Category Notes on how to calculate Inspect Evals Run FC Prompt
Simple Function (AST) Unweighted mean of simple_python, simple_java, simple_javascript 0.509 0.710 0.557
Multiple Function (AST) multiple 0.940 0.940 0.840
Parallel Function (AST) parallel 0.905 0.925 0.380
Parallel Multiple (AST) parallel_multiple 0.870 0.885 0.440
Live Simple (AST) live_simple 0.767 0.837 0.667
Live Multiple (AST) live_multiple 0.767 0.776 0.498
Live Parallel (AST) live_parallel 0.750 0.750 0.563
Live Parallel Multiple (AST) live_parallel_multiple 0.708 0.750 0.167
Live Relevance live_relevance 0.625 0.625 0.313
Live Irrelevance live_irrelevance 0.848 0.851 0.953

gpt-4.1-mini-2025-04-14

Category Notes on how to calculate Inspect Evals Run FC Prompt
Simple Function (AST) Unweighted mean of simple_python, simple_java, simple_javascript 0.583 0.733 0.749
Multiple Function (AST) multiple 0.915 0.890 0.925
Parallel Function (AST) parallel 0.915 0.910 0.875
Parallel Multiple (AST) parallel_multiple 0.870 0.820 0.835
Live Simple (AST) live_simple 0.733 0.671 0.806
Live Multiple (AST) live_multiple 0.774 0.698 0.733
Live Parallel (AST) live_parallel 0.750 0.438 0.813
Live Parallel Multiple (AST) live_parallel_multiple 0.625 0.625 0.708
Live Relevance live_relevance 0.812 0.813 0.875
Live Irrelevance live_irrelevance 0.782 0.817 0.739

Note: The leaderboard uses an unweighted average across language subcategories despite very different sample sizes (simple_python: 400, simple_java: 100, simple_javascript: 50) (see: https://github.com/ShishirPatil/gorilla/blob/cf12f01fc5582837cfcb496e78bc5dafd18f5f0e/berkeley-function-call-leaderboard/bfcl_eval/eval_checker/eval_runner_helper.py#L320).

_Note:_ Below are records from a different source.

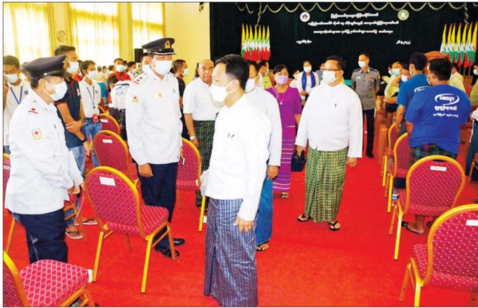
ကို အရှိန်အဟုန်မြှင့်ဆောင်ရွက်ခဲ့ကြသည့်အတွက် ကိုဗစ်-၁၉ ရောဂါ၏ အမျိုးမျိုးသော မျိုးကွဲသစ်များကို တားဆီးနိုင်ပြီဖြစ်ကြောင်း၊ ကိုဗစ်-၁၉ ရောဂါဖြစ်

နေပြည်တော်ကောင်စီဥက္ကဋ္ဌ ဒေါက်တာမောင်မောင်နိုင်ကပြည်သူ့လူထုအား ရောဂါကူးစက်ပြန့်ပွားမှုမရှိစေရန်နှင့် ကာကွယ်ရန်အတွက် ဌာနဆိုင်ရာများနှင့်အတူ ပူးပေါင်းကာ တက်တက်ကြွကြွ ဆောင်ရွက်ပေးခဲ့ကြသည့် စေတနာ့ဝန်ထမ်းများ၏ အခန်းကဏ္ဍကလည်း အဓိကကျကြောင်း၊ မိမိတို့အသက်အန္တရာယ်ကို ပဓာနမထားဘဲ ကြိုးကြိုးစားစားဆောင်ရွက်ခဲ့ကြသည့်အတွက် ယခုအခါ ကိုဗစ်-၁၉ ရောဂါ ကူးစက်မှုနှုန်း လျော့ပါးသွားပြီဖြစ်ကြောင်း၊ Quarantine Center များ၊ Positive Center များတွင် ကိုဗစ်-၁၉ ရောဂါ ကာကွယ်၊ ထိန်းချုပ်၊ တုံ့ပြန်ရေးလုပ်ငန်းများ
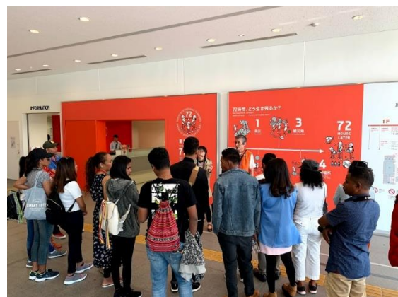
11月4日【テーマ関連視察】 東京臨海広域防災公園
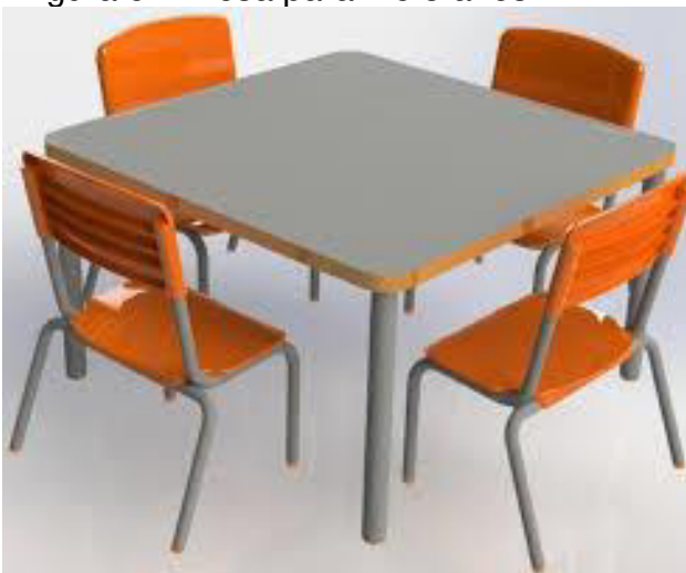
Figura 5 – Mesa para 2 e 3 anos

A seguir os dois modelos originais para o maternal I e II (2 e 3 anos) e Pré I e Pré II (4 e 5 anos).
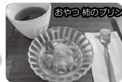
おやつ 柿のプリン
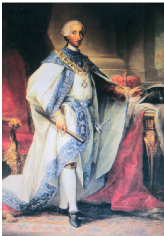
Karel III. v oděvu velmistra svého řádu.
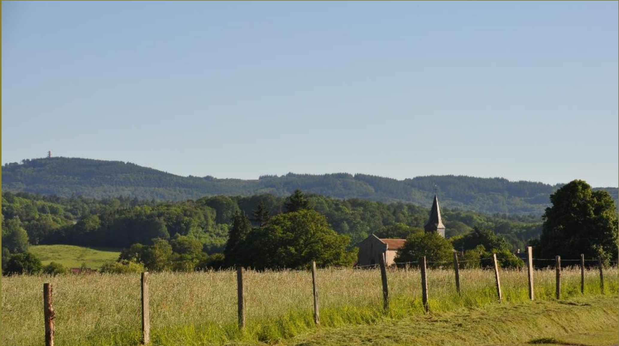
Marsac : Entrée de Marsac par la route D914
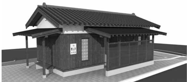
根雨駅前公衆トイレ完成予想図
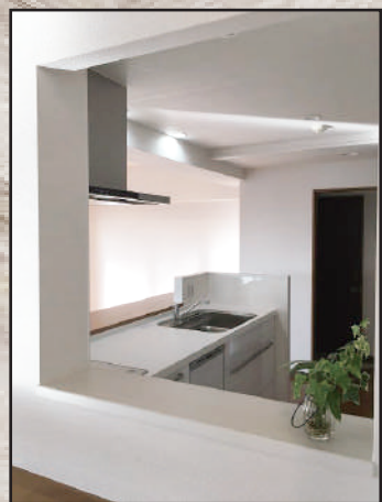
コンロ横壁のニッチ。キッチン・リビングを可愛らしく演出してくれます。
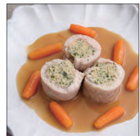
金目鯛のムース香草風味
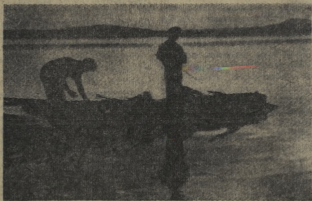
На утренней зорьке.
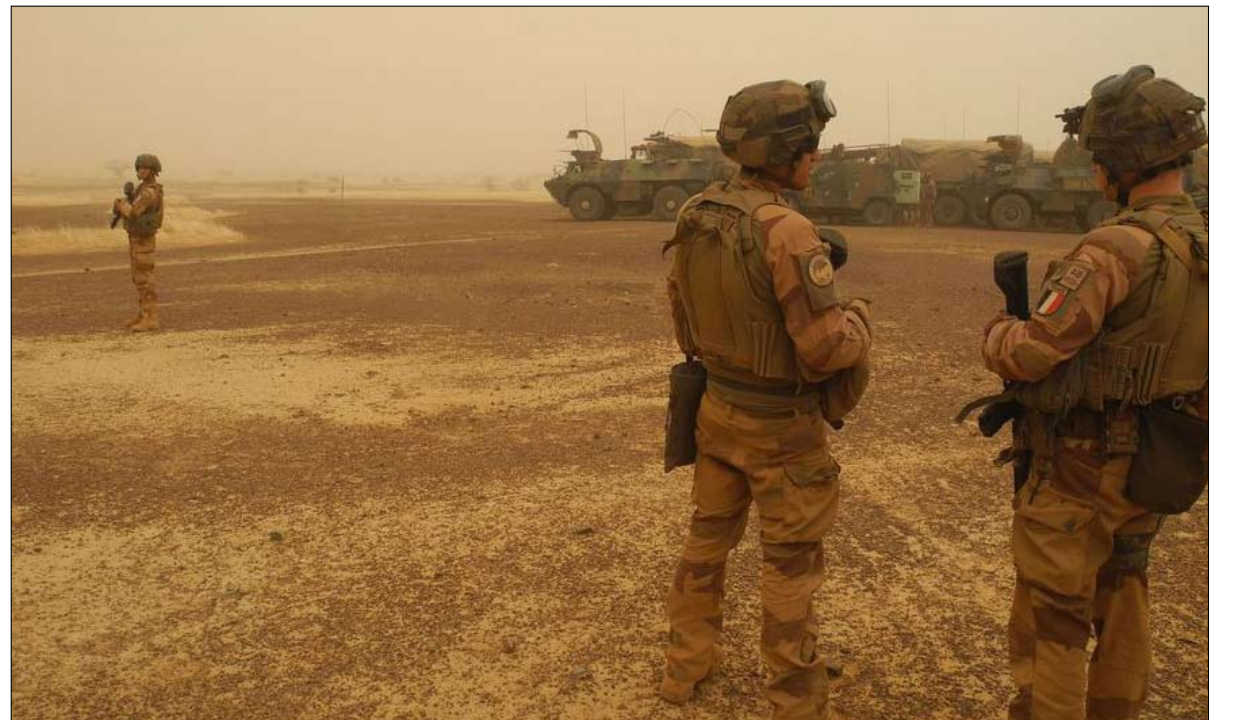
غروب برخان وميلاد عملية اخرى
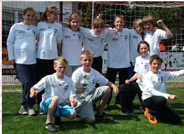
"Op Dreef 6" winnaars 2011
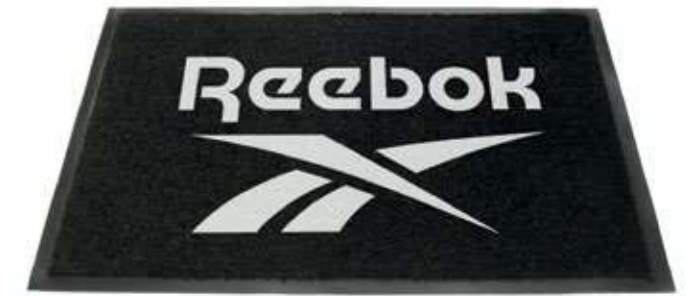
LOGO MAT RBMAT Dimensions: 60 cm x 90 cm
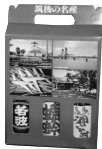
「飲みくらベセット」

ど関心はありません。お酒は嗜好品ですから若波のお酒にこだわりを持って下さるお客様と未永くおつきあいできるようにしたいですね。もっとも伝統の味を基本に、その延長線上で新しい商品開発は進めていきたいと思っています。」 「どんなお酒だろうか。ここやかに答えて下さった。」 「疲れたときに癒されるとっておきのお酒とでも言いましょうか。(笑)」
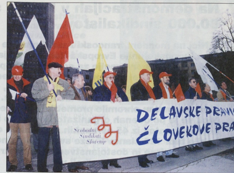
V petek, osmega decembra, so točno ob dvanajsti uri predstavniki ZSSS pred državnim zborom opozorili na spoštovanje človekovih pravic.
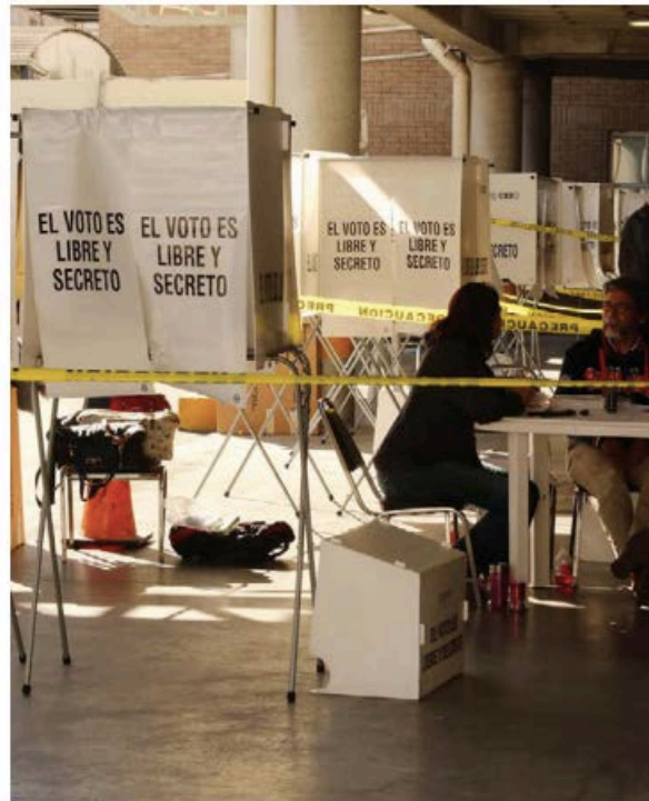
Se cuidarán los procesos de adquisición y licitación, así como las compras directas, resaltó la titular del instituto.

Entre las medidas que han implementado desde procesos anteriores es la reutilización de material electoral, con importantes ahorros. “Desde ahora estamos haciendo el análisis y por supuesto que el instituto siempre tiene la política de re-
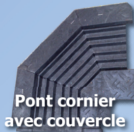
Pont cornier avec couvercle
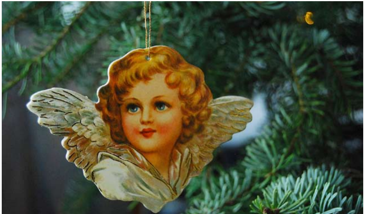
DET FINNS MÅNGA tillfällen att komma i julstämning i Vellinge framöver.

■ Julmarknad i Skanör anordnas den 9 december klockan 11-16. För andra året i rad blir det julmarknad i Skanör med julsång, tomte, godis till alla barn, glöggservering, chokladfon-
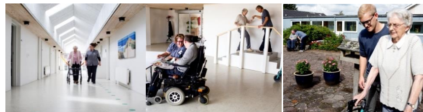
Revideret august 2022
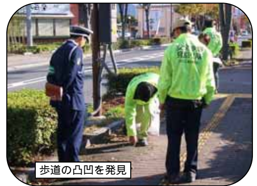
歩道の凸凹を発見

今後、効果や課題などを検証し、「安全歩道見回り隊」の発足地区を増やしたいと考えています。
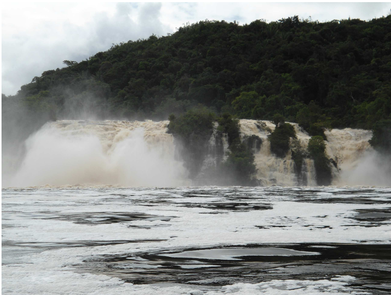
Saltos de Canaima
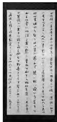
高梨甌竹書「奥の細道より」
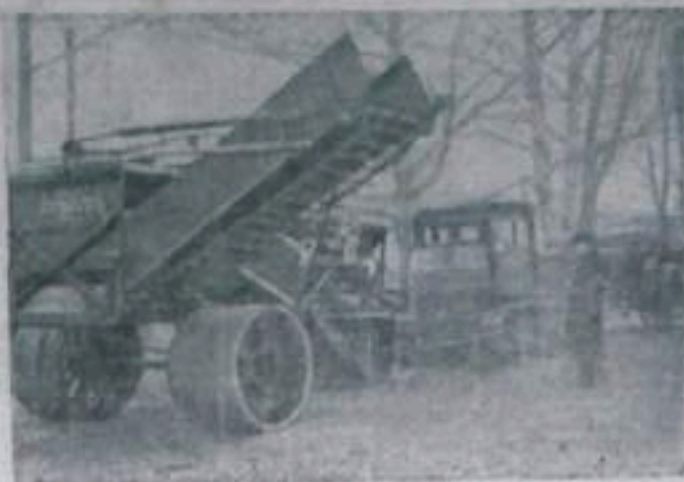
П-тр завод. Механики при погородного совхоза начали Зависа свое устройство оригинальную тоффо обвивающую машину, у которой имеется приспособление для изготовления тоффо-механического типа. Машина работает от 6-радиного электродвигателя «ДТ-24». Новая машина производит за 8 часов до 700 тонн количества, а человек за 10 человек и 200 часов. НА СНИМКЕ: с-структурная машина-автоматом советского типа 3 в ее машина для добычи тоффо и приготовления тоффо-механических изделий.

Принято решение руководствоваться профсоюзным организационным и хозяйственным документами указанным в том, что главное — это забота о человеке. Предложено всем хозяйственникам немедленно устранить серьезные недостатки в охране труда, расширить строительство гардеробных, душевых, повысить культуру на производстве, а также расширить права и поднять ответственность мастеров производственных участков за состояние техники безопасности на их участке. Предложено всем профсоюзным организациям усилить контроль за соблюдением обязательных норм технического обучения, трудового законодательства, за выполнение мероприятий по технике безопасности и производственной санитарии.

Note: The leaderboard is now V4 and includes additional categories (web search, memory, multi-turn) not implemented here. Our Non-live and Live AST aggregate scores are lower than the leaderboard’s in part because we exclude exec categories from the non-live aggregate.

Note: The leaderboard appears to exclude the non-live irrelevance score from the Hallucination Measurements (relevance and irrelevance).

Changelog

[3-B] - 2026-02-20

  • Renamed the category parameter to categories.
  • Expanded from single category (exec_simple) to all V1 and V2 categories(except rest).
  • Updated scorers (matching functions) to match the official implementation more closely.

[2-A] - 2026-02-16

  • Migrate version to new scheme. See #907.

[1.0.2] - 2026-02-02

  • This update aims to preserve the core logic of the exec_simple category while updating the data source from a Huggingface repo that has not been updated to the official github source.
  • Creates a CategoryConfig object handle different categories.
  • Adds shuffle parameter and sorting by ID following the official implementation.
  • Adds _func_doc_language_specific_pre_processing as per the official implementation (this should not change the running of exec_simple)

[1.0.1] - 2025-12-18

  • Adds backoff policy for functions that connect to huggingface servers.